Usage is clean and expressive:

Python

# Ask a question
result = ask("How do I request time off?", search_fn=semantic_search)

# Route based on confidence
if result.status == "answered":
    print(result.answer)
    print(f"\nSources:")
    for c in result.citations:
        print(f"  [{c['source_number']}] {c['title']}")

elif result.status == "low_confidence":
    print("⚠ I found a possible answer, but please verify:")
    print(result.answer)

else:
    print("I couldn't find a reliable answer to that question.")
    print("You might want to check these related documents:")
    for doc in result.source_documents:
        print(f"  → {doc['source_title']}")

Chapter Eight

The Five Failure Modes (And How to Defend Against Each)

Every production RAG system encounters these failure patterns. Understanding them is the difference between a demo that impresses and a product that people trust with real decisions.

Failure Mode What Happens Defense
Context Poisoning Irrelevant documents retrieved. Model hallucinates to bridge the gap between the question and unrelated context.
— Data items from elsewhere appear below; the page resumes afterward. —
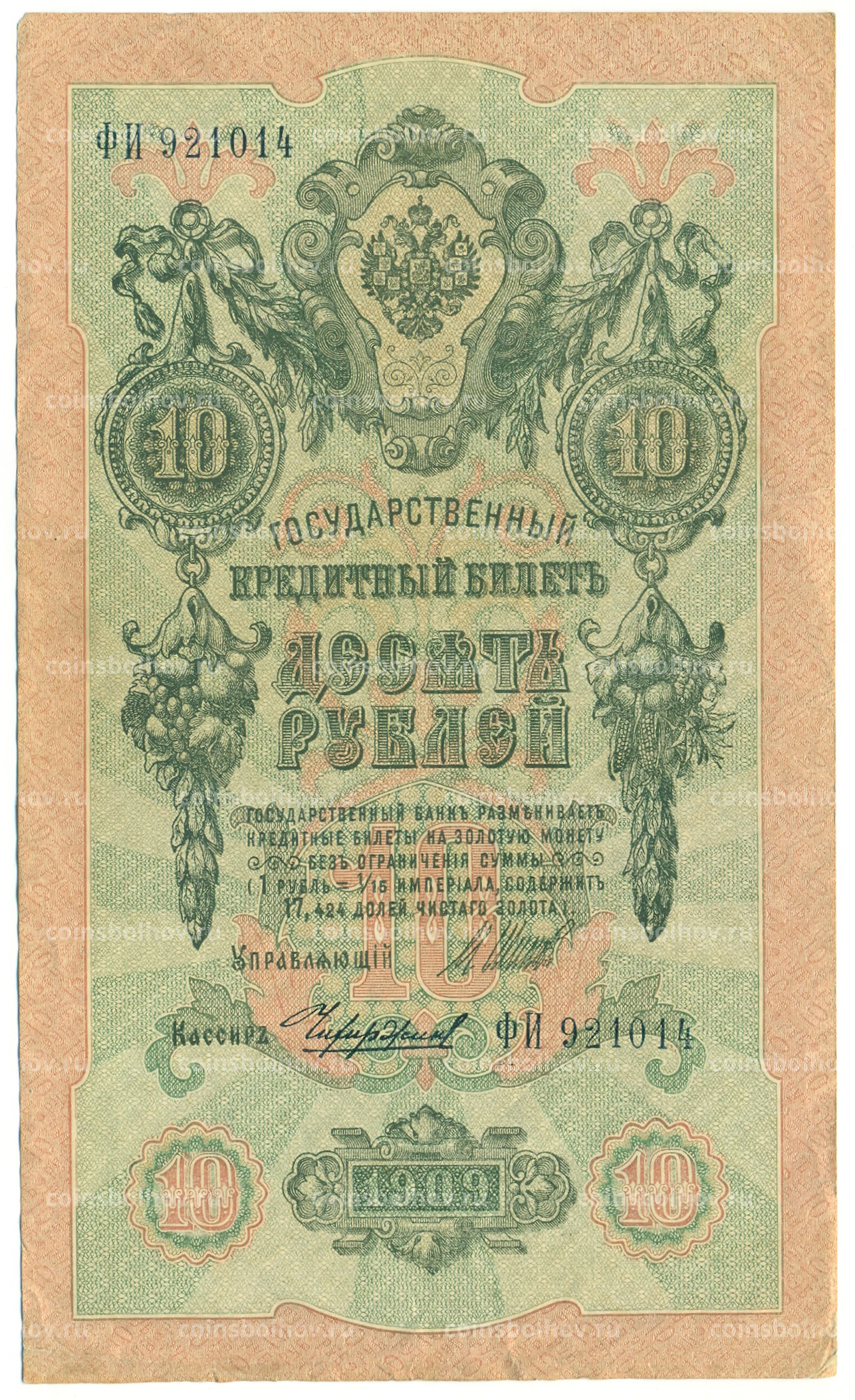 Банкнота 10 рублей 1909 года Шипов / Чихиржин
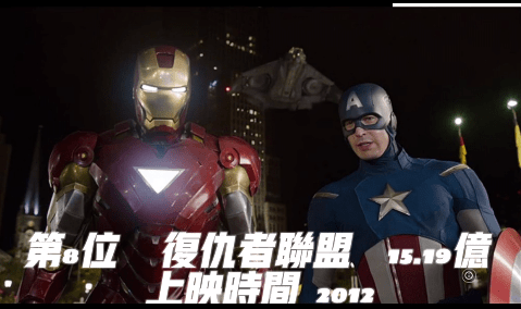 第8位:复仇者 The Avengers 票房:15.19亿美元 上映时间:2012
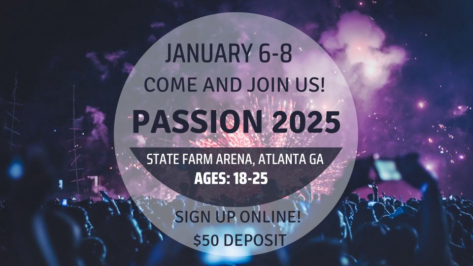 Passion 2025 is a gathering of 18-25 year old's and their leaders united for the fame Jesus. Join us as we gather a generation to once again collectively declare “Yes, LORD!”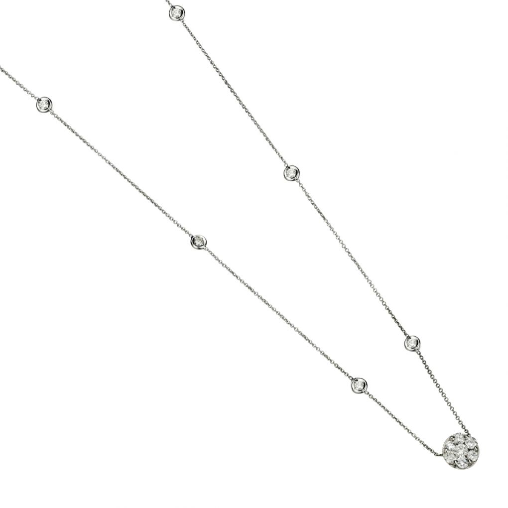 Ladies 18kt white gold Roberto Coin cluster pendant necklace featuring approximately 0.30 carat total weight of diamonds in the cluster pendant. Further enhanced by diamonds on the white gold chain weighing 0.35 carat total weight. Necklace can be worn at 16 or 18" in length.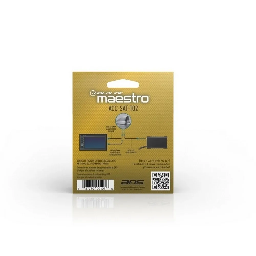 Satellite & GPS adapter for select Toyota vehicles. Includes one adaptor for connecting the Toyota satellite radio antenna to aftermarket satellite radio tuner. Also includes two adaptors to connect Toyota GPS antenna to most aftermartet radios.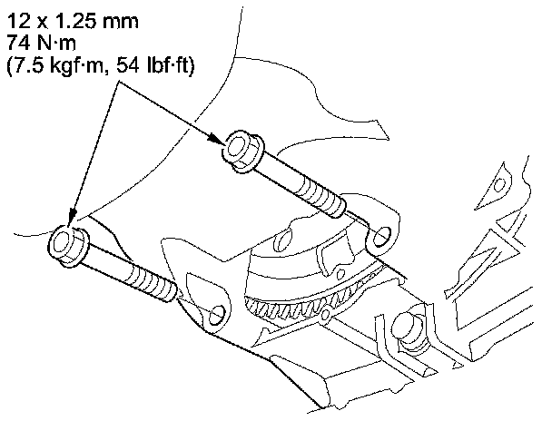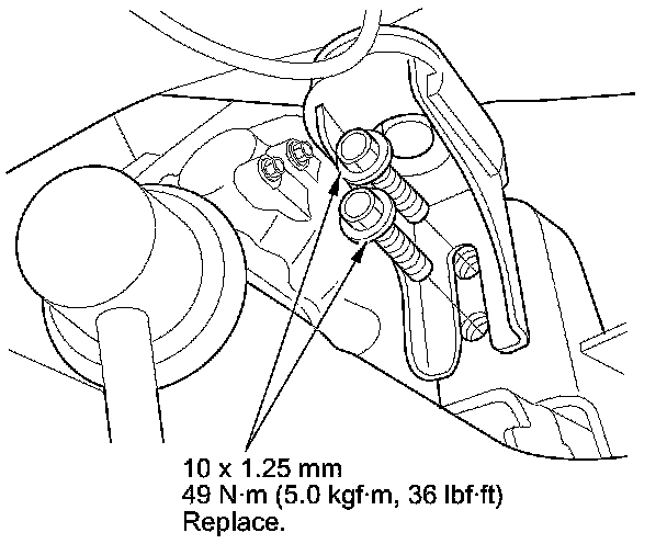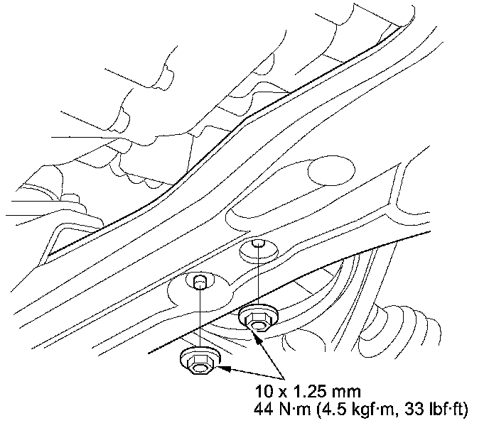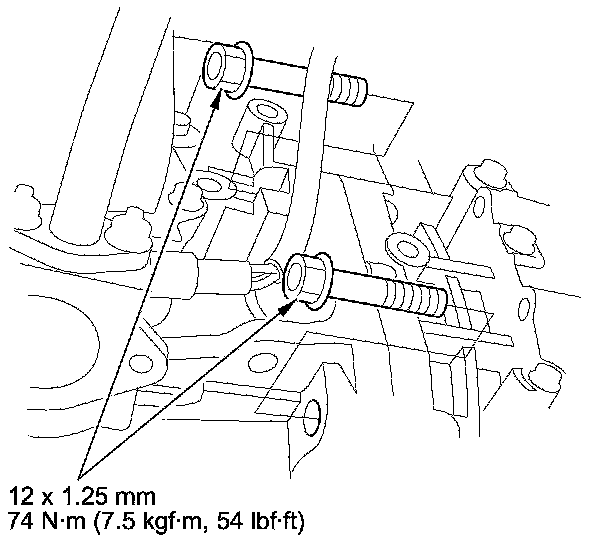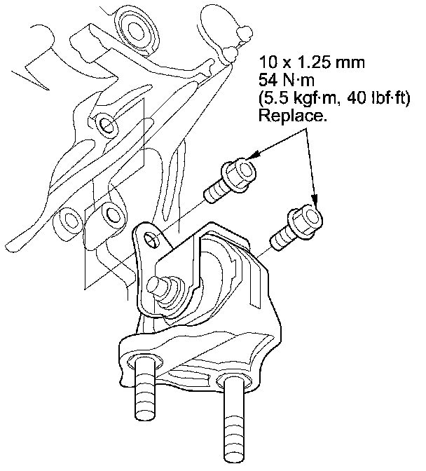 50. Tighten the upper transmission mount bolts to 54 Nm (5.5 kg-m, 40 lb-ft), then tighten the upper transmission mount bracket bolts and nut to 59 Nm (6.0 kg-m, 43 lb-ft).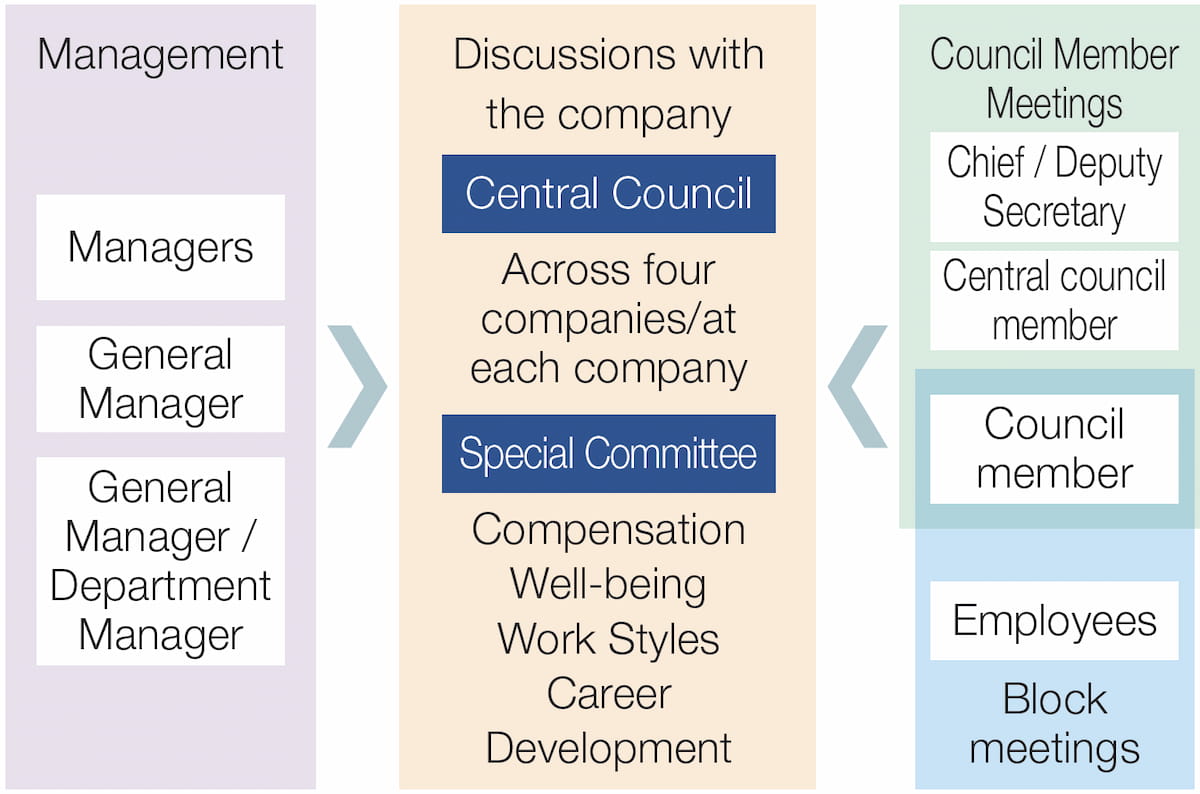 The JGC Council consists of the Central Council, a forum for direct dialogue between management and employees, and four Specialized Committees (Compensation, Well-being, Work Styles, Career Development), where each committee engages in deep discussions on their respective issues while maintaining continuity.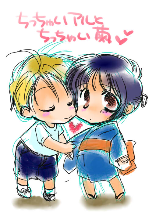初めて全部パソコンの中で描いたちびめりかとちび菊。SAI使ってみました。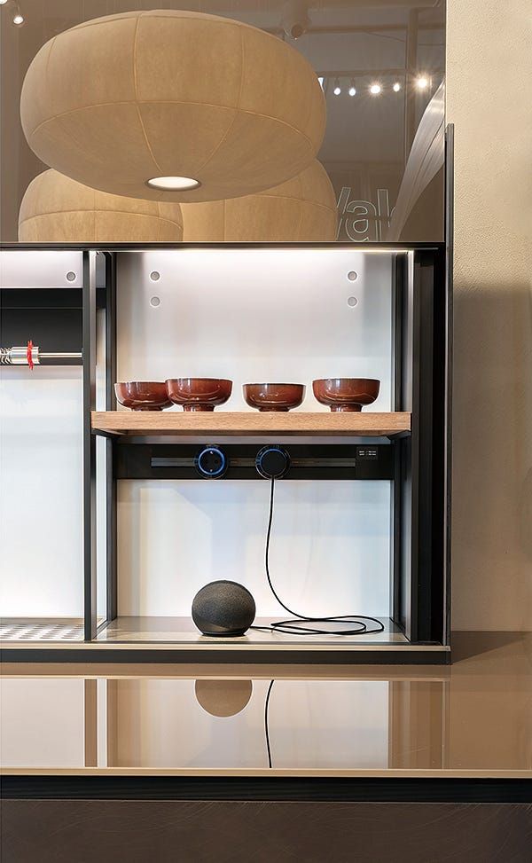 軽く触れる動作やリモコン、アプリ、音声によって、扉や水栓の操作が可能になった、特許を取得したシステム。バックパネルの照明は、同じ操作で暖色から寒色まで、さまざまな光の色のグラデーションに加え、火、大地、水、空気から着想を得た色にも設定することが可能。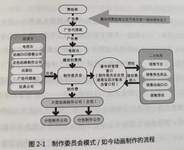 为了筹集资金,业界开始推广“制作委员会制度”,由不同行业都公司共同出资,组成制作委员会,制作委员会再抽出部分资金作为经费交给动画制作公司,由此来制作动画。此时的动画制作公司沦为“打工仔”,动画的版权归制作委员会所有。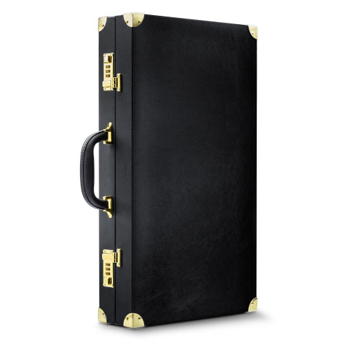 Det slitesterke veganske skinnvesken med håndtak har fungerende metallkombinasjonslåser for å sikre ditt privatliv, noe som gjør det perfekt for reiser og oppbevaring hjemme. Innvendig finner du bind for øynene, silikon gagball med pustehull, paddle, håndleddscuffs, ankelcuffs, halsband med bånd og en en-hastighets bulletvibrator. Den sofistikerte sløyfe-designet bringer skjønnhet til soverommet, og den er perfekt for både nybegynnere og middels spillere. Etuiet og gjenstandene inni er laget av ftalatfritt vegansk lær og nikkelfritt metall.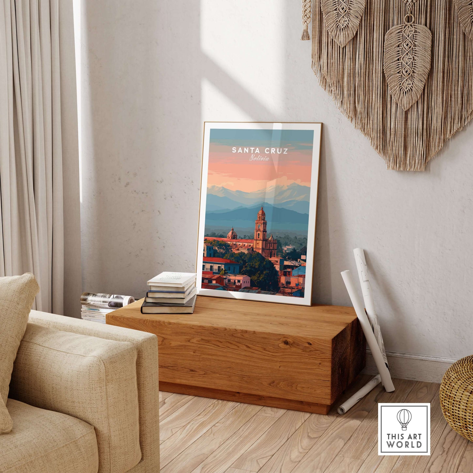 Santa Cruz City Print | Bolivian Home Wall Art in a stylish living room setting.
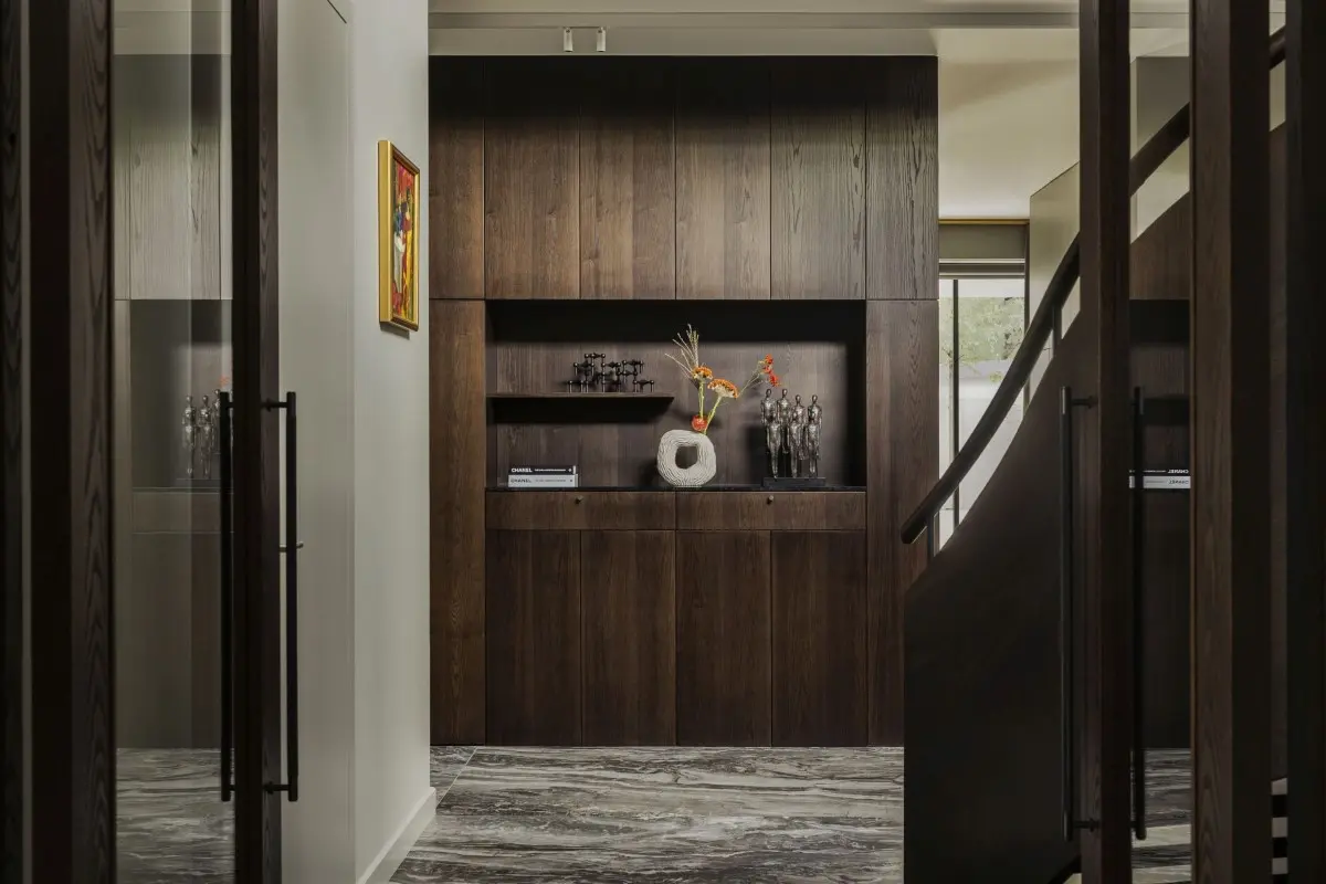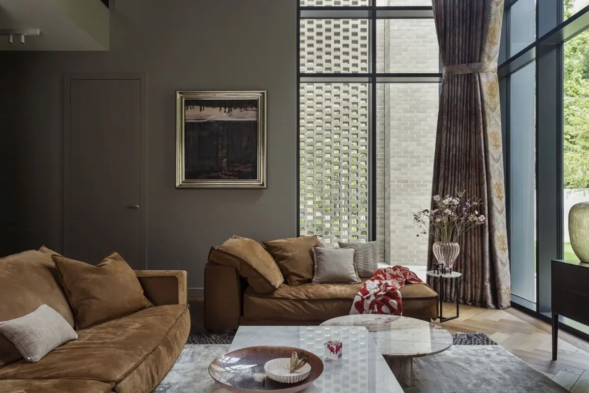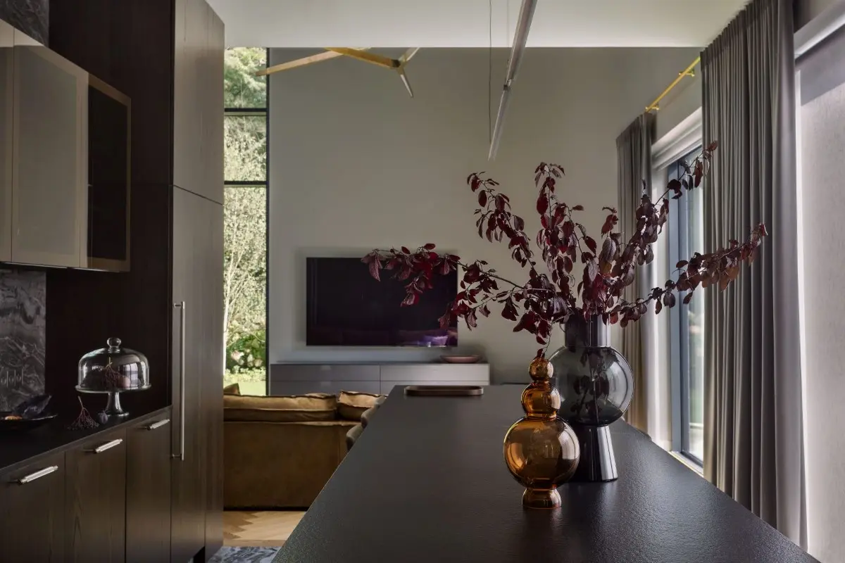 Projektowanie wnętrz tego domu było starannie przemyślanym procesem, obejmującym inwentaryzację pomiarową i fotograficzną oraz opracowanie założeń projektowych w ścisłej współpracy inwestora z mow.design. Kluczowym elementem okazało się stworzenie przestrzeni otwartej na otaczającą zieleń i integralnej z otoczeniem. Kolorystykę domu zdecydowano się utrzymać w szarościach, wzbogaconych brązami i rudościami, nawiązującymi do kolorów ziemi. Architektki zadbały również o użycie szlachetnych materiałów, takich jak fornir i kamień naturalny, połączonych z włoskim wzornictwem.

Retrieval threshold + relevance re-ranking (Article I). Never pass low-similarity documents to the model.
Parametric Bleed Model blends retrieved facts with its training data. Answer is “mostly right” but wrong in specifics. Explicit grounding rules in system prompt. Temperature = 0. Citation requirement forces traceability.
Chunk Boundary Loss The answer spans two chunks but only one was retrieved. Model fills the gap with inferred content. Overlap chunking (Article I) + contextual chunk enrichment + retrieving adjacent chunks.
Confident Abstention Failure Model doesn’t realize it’s missing information. Generates a complete answer that happens to be wrong. Multi-signal confidence scoring + citation coverage audit. If coverage < 0.6, flag as low confidence.
Stale Context Knowledge base is outdated. Model returns an answer based on old policy or deprecated information. Metadata filtering by date + document versioning + freshness score in retrieval ranking.

Defending Against Chunk Boundary Loss

This failure mode deserves special attention because it’s both common and invisible. When the correct answer spans two consecutive chunks, a naive retrieval system might return only one, leaving the model to guess about the rest. The fix is to retrieve neighboring chunks automatically:

Python

def retrieve_with_neighbors(
    query: str,
    search_fn,
    fetch_by_id_fn,
    top_k: int = 5,
    neighbor_window: int = 1
) -> list[dict]:
    """Retrieve top chunks + their neighbors for context continuity."""
    results = search_fn(query, top_k=top_k)
    expanded = []
    seen_ids = set()

    for doc in results:
        # Fetch the chunk and its neighbors
        source = doc["source_title"]
        idx = doc["chunk_index"]

        for offset in range(-neighbor_window, neighbor_window + 1):
            neighbor_idx = idx + offset
            key = (source, neighbor_idx)
            if key not in seen_ids and neighbor_idx >= 0:
                neighbor = fetch_by_id_fn(source, neighbor_idx)
                if neighbor:
                    seen_ids.add(key)
                    expanded.append(neighbor)

    return expanded

This technique increases the context window for each retrieved chunk without retrieving irrelevant documents. The model now sees the paragraph before and after each hit, preserving the narrative flow of the original document.

Chapter Nine

Evaluating Your RAG System: Metrics That Matter

You cannot improve what you don’t measure. RAG evaluation requires testing both the retrieval layer and the generation layer independently, then testing them together. Here is a practical evaluation framework you can implement in an afternoon.

Python

from dataclasses import dataclass

@dataclass
class EvalCase:
    query: str
    expected_answer: str           # Ground truth answer
    expected_source_title: str     # Which doc should be retrieved
    should_abstain: bool = False  # True if answer isn't in knowledge base


def evaluate_rag(
    eval_cases: list[EvalCase],
    ask_fn
) -> dict:
    """Run evaluation suite and compute aggregate metrics."""
    results = {
        "retrieval_recall": [],      # Did we retrieve the right doc?
        "answer_correctness": [],    # Is the answer factually right?
        "abstention_accuracy": [],   # Did we abstain when we should?
        "hallucination_count": 0,    # Times we answered but shouldn't
        "false_abstention_count": 0, # Times we abstained but had answer
    }

    for case in eval_cases:
        response = ask_fn(case.query)

        # Check retrieval
        retrieved_titles = [d["source_title"] for d in response.source_documents]
        retrieval_hit = case.expected_source_title in retrieved_titles
        results["retrieval_recall"].append(retrieval_hit)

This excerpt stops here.